MATERIAL SUPPLIED:
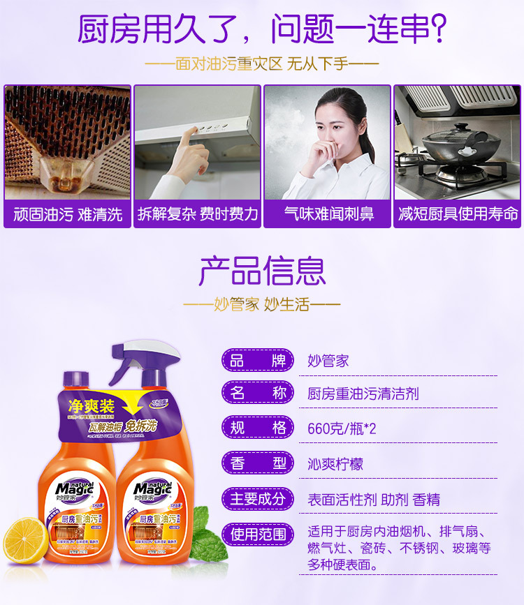 妙管家キッチン油汚れ洗浄剤660g*2本レンジフード洗浄剤強力油汚れ除去全箱卸売
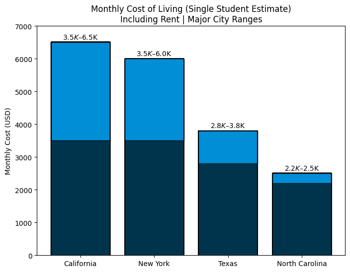 Choosing where to study in the U.S. isn’t just about rankings—it’s about the lifestyle you’re stepping into. When comparing these states (CA, NY, NC, and TX) to each other, we’ve considered the following categories:
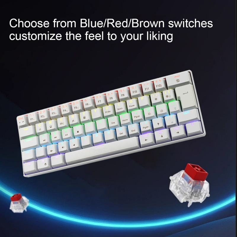 Clavier mécanique de jeu compact 60% avec disposition anglaise classique personnalisée, 61 touches, rétroéclairage LED multicolore pour PC Gamer
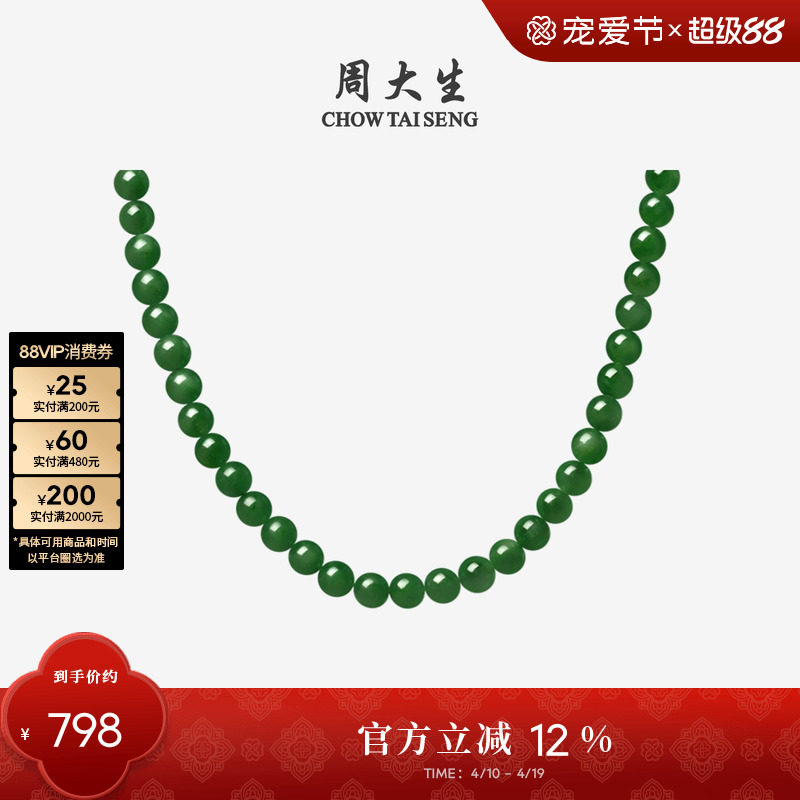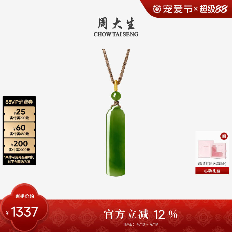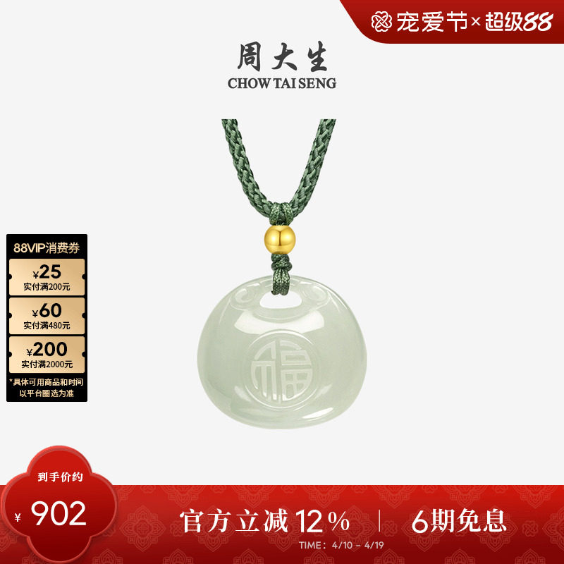 周大生和田玉吊坠女无事牌碧玉项链上上签挂坠生日礼物送女友妈妈
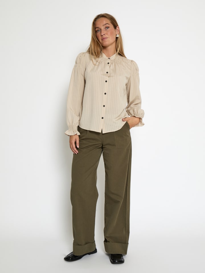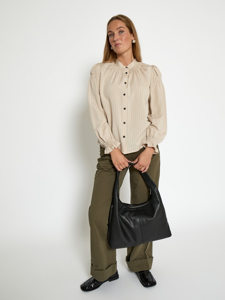 Украсьте свой гардероб рубашкой PCLina от Peppercorn, в которой элегантность сочетается с современным дизайном. Изящный круглый вырез горловины придает утонченную изысканность, которая легко притягивает взгляд. Длинные рукава с мягкими сборками переходят в узкие манжеты со сборкой. Элегантные вертикальные швы удлиняют силуэт и придают ему изысканный вид. Изготовленная из смеси высококачественных тканей, эта рубашка идеально сочетает в себе комфорт и стиль. Сочетайте ее с брюками строгого кроя для создания офисного образа или с любимыми джинсами для шикарного уик-энда.
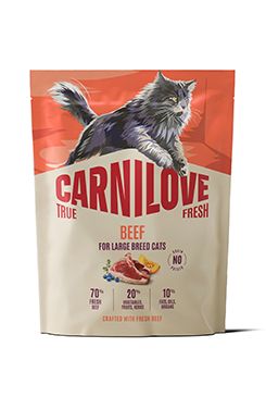 Tato receptura s čerstvým hovězím masem je ideální pro dospělé kočky velkých plemen a plně respektuje jejich přirozené výživové potřeby.
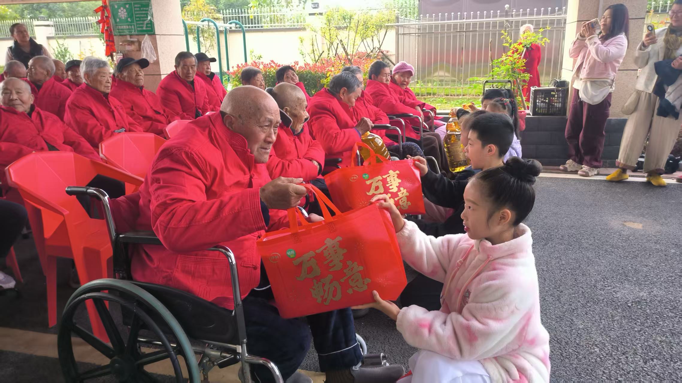 活动现场,孩子们把平日里节衣缩食攒下的零花钱换成牛奶、面包、抽纸、洗衣粉等实用物品,双手递到老人面前。“奶奶,祝您身体健康!”稚嫩的祝福声在院子里此起彼伏,让不少老人红了眼眶。
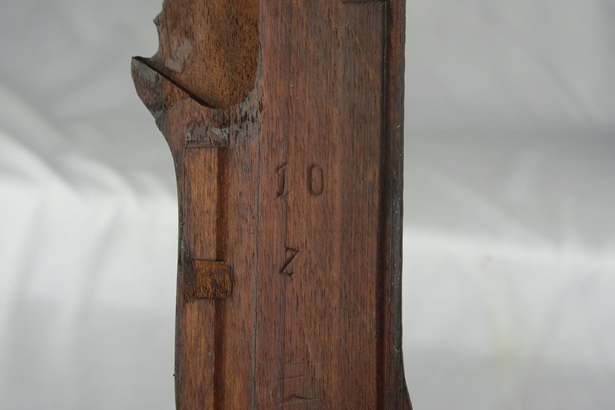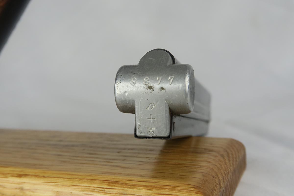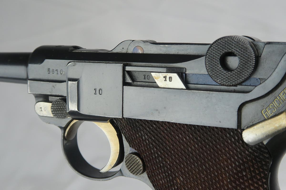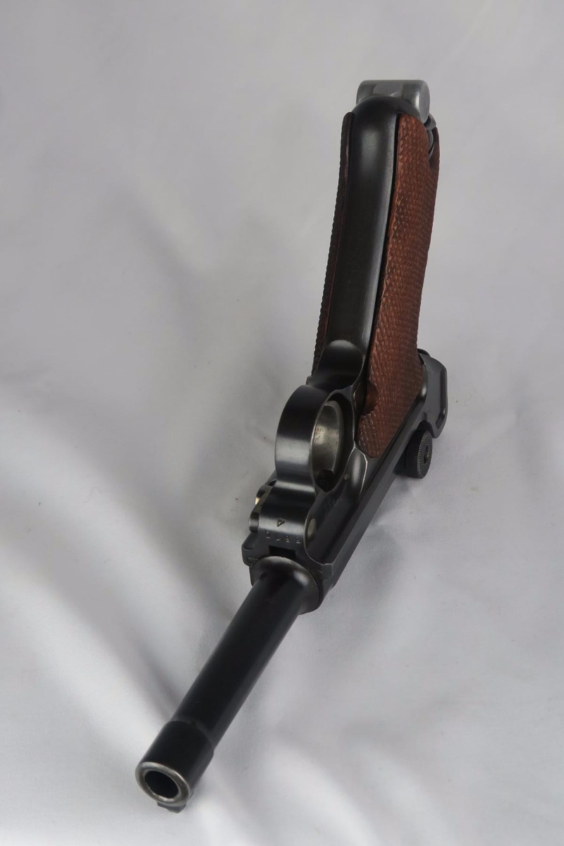 10/10/17 – This is the early variation 1937 Mauser luger with dust blue and straw small parts. The condition is beautiful with the original finish rating near 98%! All parts are matching excluding the magazine. Magazine is period correct with Eagle/63 proof. Matching parts include the levers, hold open, firing pin, frame, barrel, toggle and receiver. The left grip is matching, but the right grip is only marked S/42 – I believe this would imply an armorers field replacement grip. The beautiful finish is only tempered by minor finish loss on the barrel and sideplate. Mirror bore.
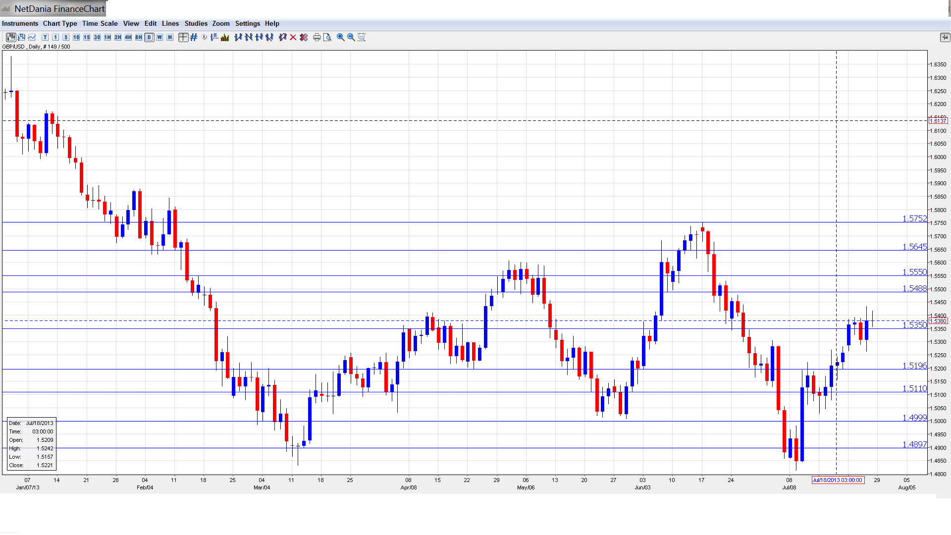 1.5484 was breached in June, as the pound went on a sharp skid that saw it drop below the 1.49 line.
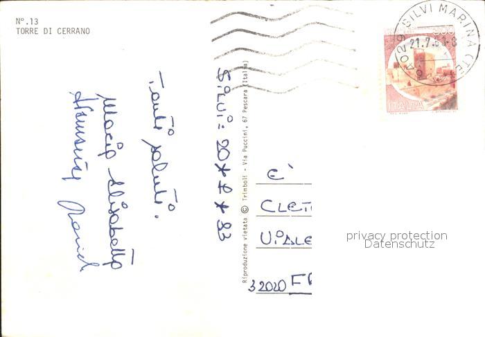 old postcard Silvi Marina Torre di Cerrano postalisch gelaufen Erhaltung siehe scans
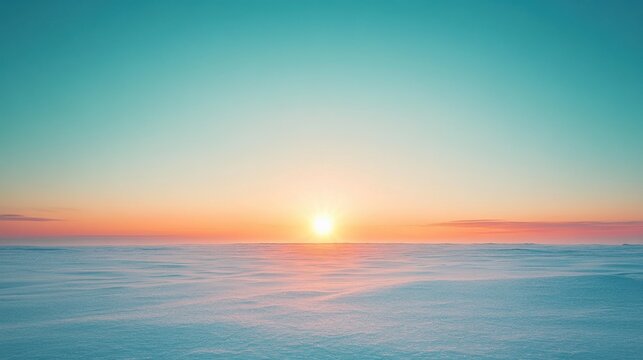 Vast, empty, snow-covered plain with a bright sun in the sky
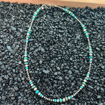 A beautiful blend of shine and stone. The sterling pearls pair perfectly with genuine turquoise for a soft, balanced Western look.
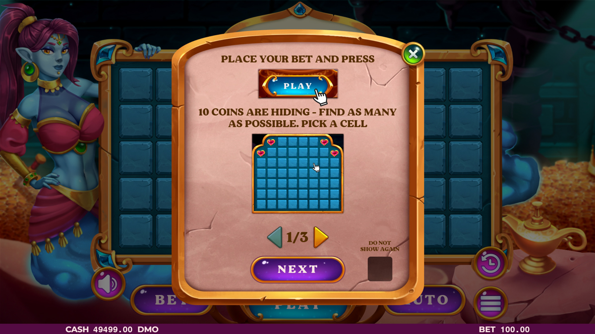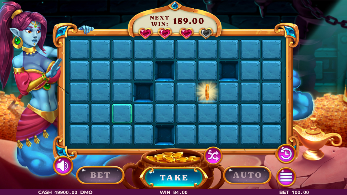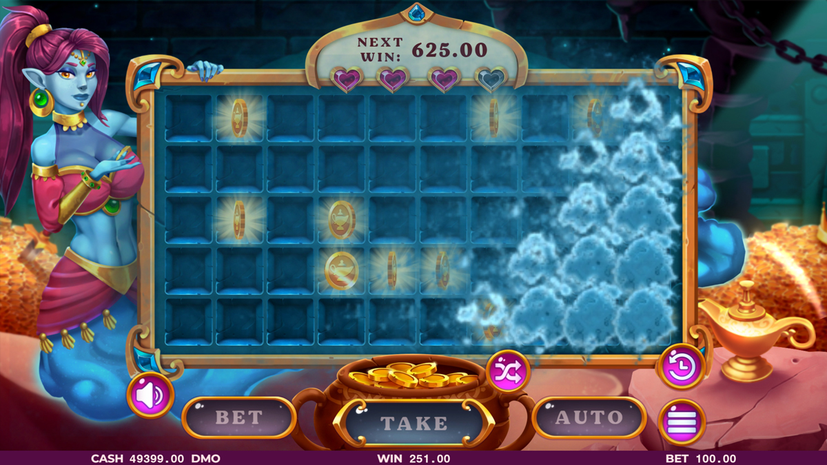 The game leverages illusion of control and escalation bias by allowing players to dictate progression depth. Each successful selection reinforces confidence, while the option to cash out introduces tension between security and ambition. The genie themed presentation softens loss perception, encouraging repeated engagement even after failed deep runs.

YOUR GOAL: The answer must be the full listing retyped exactly, with no pictures in it.

TASK SOLUTION:
 妙管家キッチン油汚れ洗浄剤660g*2本レンジフード洗浄剤強力油汚れ除去全箱卸売
 Choosing where to study in the U.S. isn’t just about rankings—it’s about the lifestyle you’re stepping into. When comparing these states (CA, NY, NC, and TX) to each other, we’ve considered the following categories:
 Clavier mécanique de jeu compact 60% avec disposition anglaise classique personnalisée, 61 touches, rétroéclairage LED multicolore pour PC Gamer
 周大生和田玉吊坠女无事牌碧玉项链上上签挂坠生日礼物送女友妈妈
 Украсьте свой гардероб рубашкой PCLina от Peppercorn, в которой элегантность сочетается с современным дизайном. Изящный круглый вырез горловины придает утонченную изысканность, которая легко притягивает взгляд. Длинные рукава с мягкими сборками переходят в узкие манжеты со сборкой. Элегантные вертикальные швы удлиняют силуэт и придают ему изысканный вид. Изготовленная из смеси высококачественных тканей, эта рубашка идеально сочетает в себе комфорт и стиль. Сочетайте ее с брюками строгого кроя для создания офисного образа или с любимыми джинсами для шикарного уик-энда.
 Tato receptura s čerstvým hovězím masem je ideální pro dospělé kočky velkých plemen a plně respektuje jejich přirozené výživové potřeby.
 活动现场,孩子们把平日里节衣缩食攒下的零花钱换成牛奶、面包、抽纸、洗衣粉等实用物品,双手递到老人面前。“奶奶,祝您身体健康!”稚嫩的祝福声在院子里此起彼伏,让不少老人红了眼眶。
 10/10/17 – This is the early variation 1937 Mauser luger with dust blue and straw small parts. The condition is beautiful with the original finish rating near 98%! All parts are matching excluding the magazine. Magazine is period correct with Eagle/63 proof. Matching parts include the levers, hold open, firing pin, frame, barrel, toggle and receiver. The left grip is matching, but the right grip is only marked S/42 – I believe this would imply an armorers field replacement grip. The beautiful finish is only tempered by minor finish loss on the barrel and sideplate. Mirror bore.
 1.5484 was breached in June, as the pound went on a sharp skid that saw it drop below the 1.49 line.
 old postcard Silvi Marina Torre di Cerrano postalisch gelaufen Erhaltung siehe scans
 Vast, empty, snow-covered plain with a bright sun in the sky
 A beautiful blend of shine and stone. The sterling pearls pair perfectly with genuine turquoise for a soft, balanced Western look.
 The game leverages illusion of control and escalation bias by allowing players to dictate progression depth. Each successful selection reinforces confidence, while the option to cash out introduces tension between security and ambition. The genie themed presentation softens loss perception, encouraging repeated engagement even after failed deep runs.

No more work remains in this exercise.